[Dataset content — start]
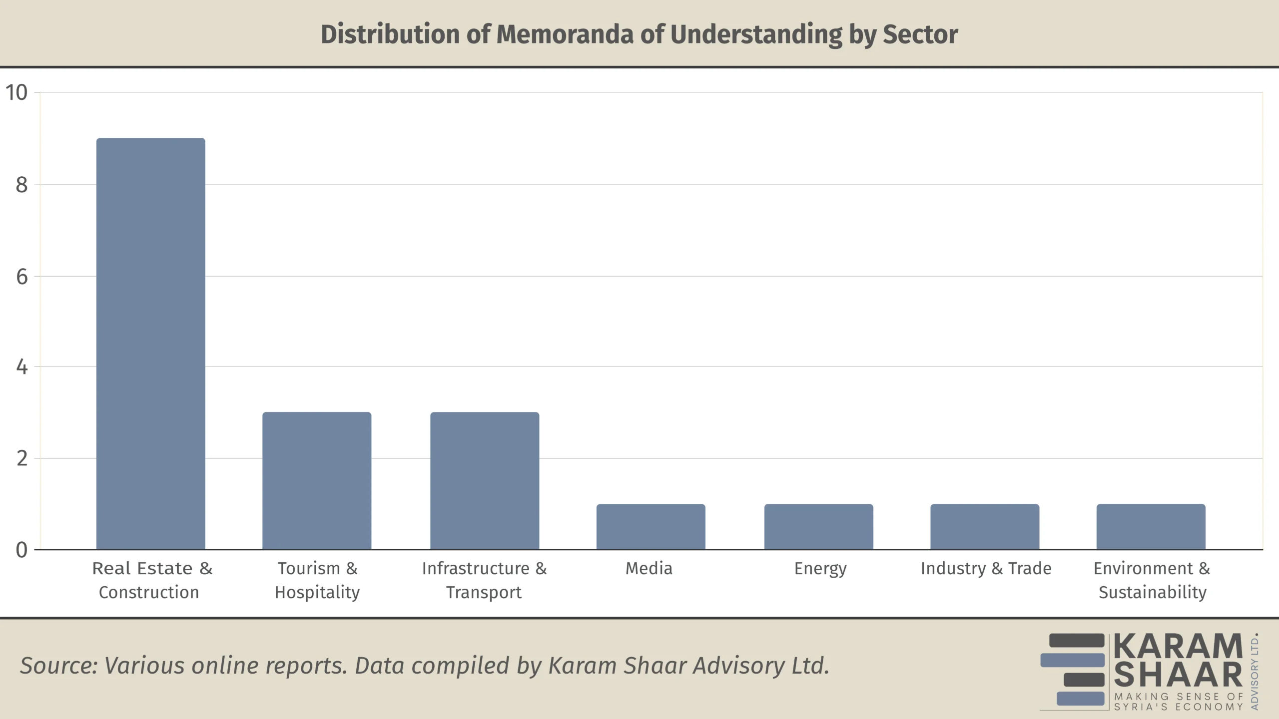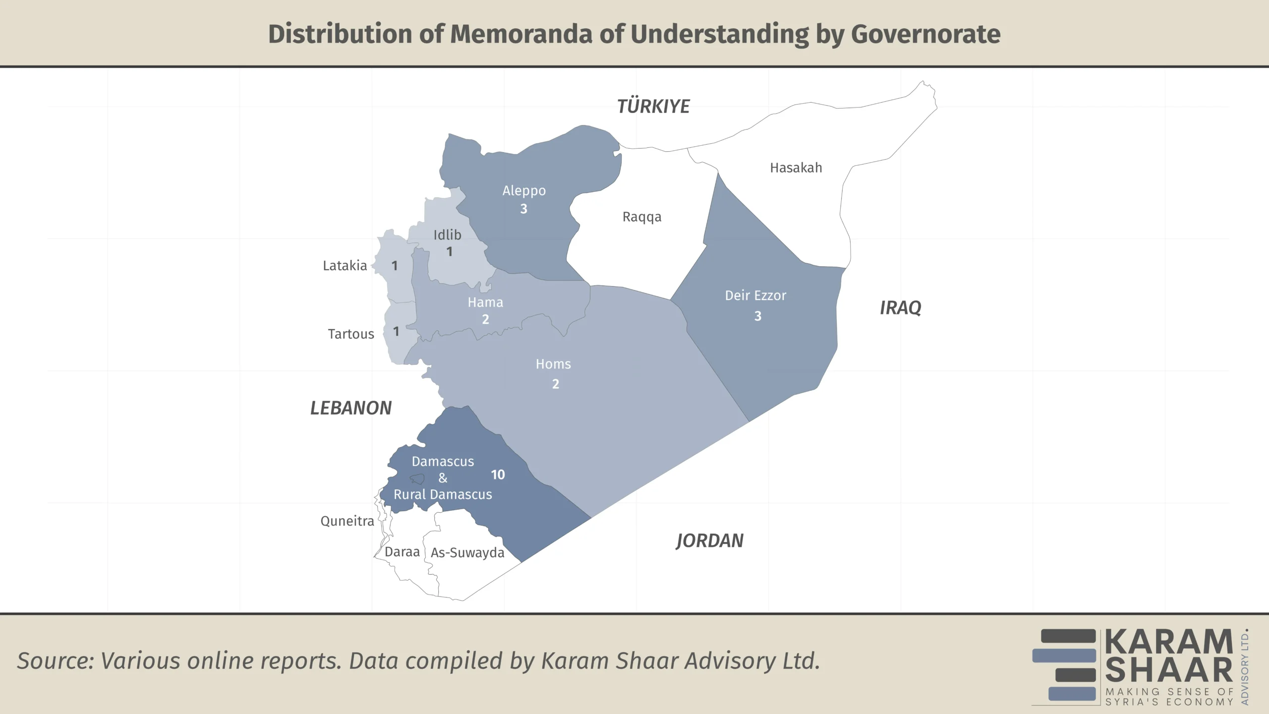 From a geographical perspective, the MoUs are spread across several provinces, with the primary concentration in Damascus and its countryside. Notably, Idlib Governorate—formerly the main stronghold of the current government—received only a single MoU. This could be read as a positive signal that the government does not intend to discriminate against previously contested areas, but it may also reflect a preference to keep Idlib’s future development more tightly under its own control, limiting external involvement at this stage.
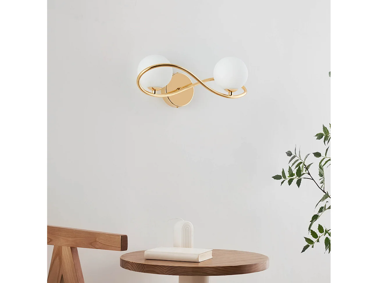 Applique murale dorée design double verre blanc - Novale
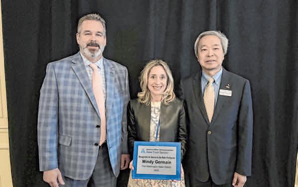 Port Washington Water District Commissioner Mindy Germain, center, was recently honored with the New York Section of the American Water Works Association’s Recognition for Service to the Water Profession Award by NYSAWWA Chairman Jamie Howard, left, and AWWA Immediate Past-President Chi Ho Sham.
[Dataset content — finish]
Your reply should consist solely of the lines from the one containing "Applique murale dorée" through the last line of the material, reproduced exactly and without pictures.

 Applique murale dorée design double verre blanc - Novale
 Port Washington Water District Commissioner Mindy Germain, center, was recently honored with the New York Section of the American Water Works Association’s Recognition for Service to the Water Profession Award by NYSAWWA Chairman Jamie Howard, left, and AWWA Immediate Past-President Chi Ho Sham.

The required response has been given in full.